**What you need to do**
In the listing below, the lines starting at the line with "Football – Senior, Reserve, U17, U14, U11, U8, Burra" and ending at the line with "我們在使用ppt2010時候" are to be output verbatim. Images stay out of the copy.

**The data**

+===+

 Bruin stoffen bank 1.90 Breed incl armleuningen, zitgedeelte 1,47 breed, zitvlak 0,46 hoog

+===+

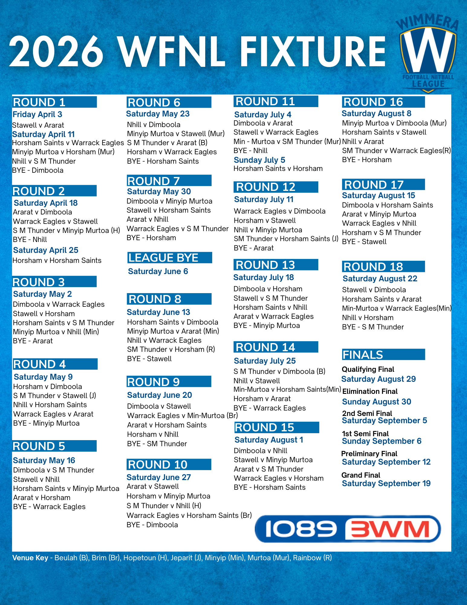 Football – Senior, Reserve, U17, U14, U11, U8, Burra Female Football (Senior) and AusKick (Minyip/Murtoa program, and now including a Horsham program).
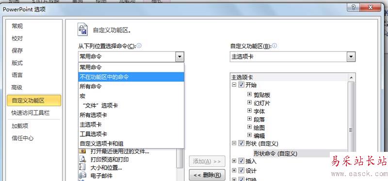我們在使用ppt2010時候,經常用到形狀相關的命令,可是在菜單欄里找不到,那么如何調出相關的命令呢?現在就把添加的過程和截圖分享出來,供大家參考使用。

+===+

**Exercise result**
 Football – Senior, Reserve, U17, U14, U11, U8, Burra Female Football (Senior) and AusKick (Minyip/Murtoa program, and now including a Horsham program).
我們在使用ppt2010時候,經常用到形狀相關的命令,可是在菜單欄里找不到,那么如何調出相關的命令呢?現在就把添加的過程和截圖分享出來,供大家參考使用。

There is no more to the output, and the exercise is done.